- DVD released by Brain Damage Films
- Directed by: Jeff Leroy
- Written by: Jeff Leroy
- Produced by: David S. Sterling
- Starring: Kiren David Ron Jeremy Hank Horner Joe Haggerty Phoebe Dollar Beverly Lynne Jonathan Gray
- Cinematography: Jeff Leroy
- Edited by: Jeff Leroy
- Music by: Jay Woelfel
- Production company: Brain Damage Films
- Distributed by: Brain Damage Films
- Release date: January 12, 2002 (United States);
- Running time: 70 minutes
- Country: United States
- Language: English

= Hell's Highway (2002 film) =

Hell's Highway is a 2002 American supernatural slasher film written and directed by Jeff Leroy.

== Plot ==

Out on a highway in Death Valley, a man picks up a female hitchhiker named Lucindia (Phoebe Dollar), and gives her a drink. Lucindia has a coughing fit upon ingesting the liquid, stumbles out of the vehicle, and is stabbed to death by the motorist. The man (revealed to be a priest, whose offer to Lucindia was holy water) buries Lucindia's body, and erects a crucifix over the impromptu grave. As the preacher prays, Lucindia reappears, and bludgeons him with his shovel as he screams, "El Diablo!"

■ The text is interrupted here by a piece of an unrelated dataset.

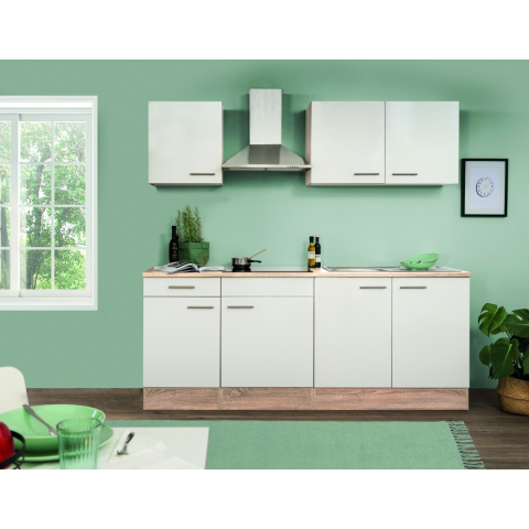 Teljes Dinewell Yorki 210 konyhablokk sonoma tölgy korpusz,selyemfényű fehér fronttal termékleírás

Nearby, four college students (Eric, Chris, Monique, and Sarah) from Western Pennsylvania are on a road trip to Redondo Beach. Spotting Lucindia at a cluster of crosses, the quartet pick her up. When Chris mentions that a group of their friends are also on their way to Redondo, Lucindia brags that she tortured them to death before pulling out a gun and sexually assaulting Sarah. Lucindia then tries to shoot Sarah in the crotch, but is knocked out of the car by her and Eric.

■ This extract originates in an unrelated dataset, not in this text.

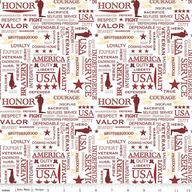 Riley Blake Coming Home Marines Text White, by the yard is backordered and will ship as soon as it is back in stock.

The next day, Lucindia (who had just robbed, castrated, and murdered a motorist) catches up with the college students, who run her down, beheading and disemboweling her. On what's left of Lucindia's body, Eric finds Chris's brother's cell phone, and a battery pack that fits into a camcorder that Sarah had earlier unearthed in the desert. The group watches the last few minutes recorded by the camera, which shows Lucindia shooting all of their friends during a botched séance. Lucindia then turns to the camera and tells the story of a settler couple that became trapped in the valley; to try and save his wife (implied to be Lucindia), the husband killed himself so that she could consume his flesh. Her husband's body was not enough to sustain her, and in her last dying hours the woman cursed God and prayed to the Devil for salvation, and received it in exchange for a steady stream of victims.

When the video ends, Lucindia appears, and attacks and mortally wounds Chris with a chainsaw. The students drive off, with Lucindia catching up to them when they run out of gas. Sarah, Eric, and Monique run, but are cornered by a pair of Lucindias, who murder Monique. Sarah accidentally kills Eric, then kills one of the Lucindias and is saved from the remaining one by two government operatives, who then capture Sarah.

Sarah is taken to a military installation, where it is explained that there were four equally delusional Lucindias and that they were the result of cloning and accelerated growth experiments. The staff tell Sarah that she is going to become their new test subject and as they try to give her an injection, a wounded Lucindia barges in. Sarah screams "I told you the Devil would come back!" as Lucindia opens fire with a shotgun, causing an explosion that presumably kills her and everyone else in the room.

== Cast ==

- Phoebe Dollar as Lucindia / Nurse Polonia
- Kiren David as Sarah McKinnis
- Hank Horner as Eric
- Beverly Lynne as Monique
- Jonathan Gray as Chris Struther
- Ron Jeremy as Jack
- Joe Haggerty as Preacher
- Garrett Clancy as Dr. Sullivan
- Brian C. Donnelly as Ralph Struther
- Jackie Johnson as Julie
- Jennifer Warren as Carla
- Natalie Pierre as Debra

== Reception ==

Joe Bob Briggs gave Hell's Highway a score of 2½ stars out of a possible 4, and wrote, "The acting is uneven, but the story does satisfy the first rule of drive-in movie-making: anybody can die at any moment. And you've gotta love a movie that has a sequence with porn legend Ron Jeremy as a bitter film producer who picks up the diabolical hitchhiker and is rewarded by getting disemboweled with a butcher knife while he's driving". Bruce Kooken of Horror News was highly critical of the film's twist ending, but still categorized Hell's Highway as "campy, funny and, without question, a blast" and summed up his closing thoughts regarding it with, "Just because I was disappointed with the ending doesn't mean there isn't plenty of entertaining aspects of the film".